TASK TO CARRY OUT
In the records below, the line with "IDEAS Monthly is" opens the range and the line with "- Bước 1: Cá" closes it; print that range exactly and nothing else.

DATA FOR PROCESSING
○ ○ ○

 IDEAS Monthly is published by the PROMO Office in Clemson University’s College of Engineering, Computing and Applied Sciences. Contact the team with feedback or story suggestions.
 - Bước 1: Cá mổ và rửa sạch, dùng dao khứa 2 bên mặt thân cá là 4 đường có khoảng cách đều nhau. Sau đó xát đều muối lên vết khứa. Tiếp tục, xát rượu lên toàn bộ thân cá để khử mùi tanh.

○ ○ ○

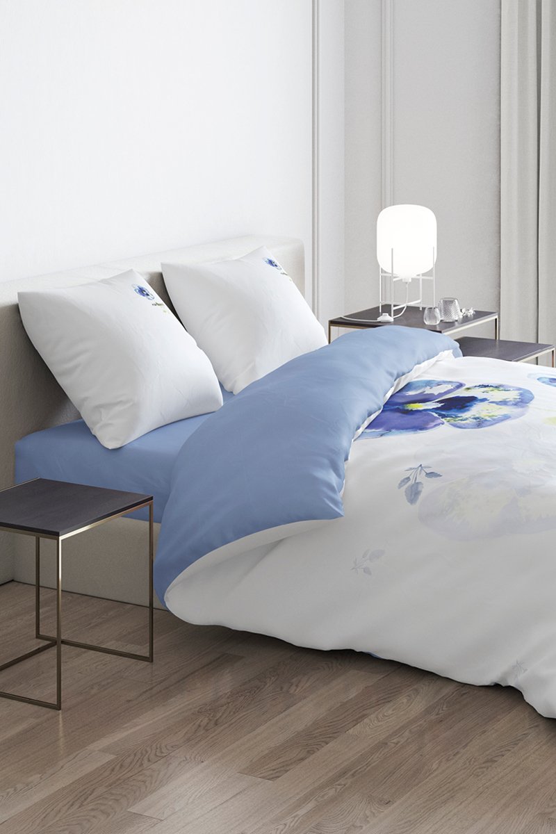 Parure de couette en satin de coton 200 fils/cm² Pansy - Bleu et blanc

○ ○ ○

RESULT
 IDEAS Monthly is published by the PROMO Office in Clemson University’s College of Engineering, Computing and Applied Sciences. Contact the team with feedback or story suggestions.
 - Bước 1: Cá mổ và rửa sạch, dùng dao khứa 2 bên mặt thân cá là 4 đường có khoảng cách đều nhau. Sau đó xát đều muối lên vết khứa. Tiếp tục, xát rượu lên toàn bộ thân cá để khử mùi tanh.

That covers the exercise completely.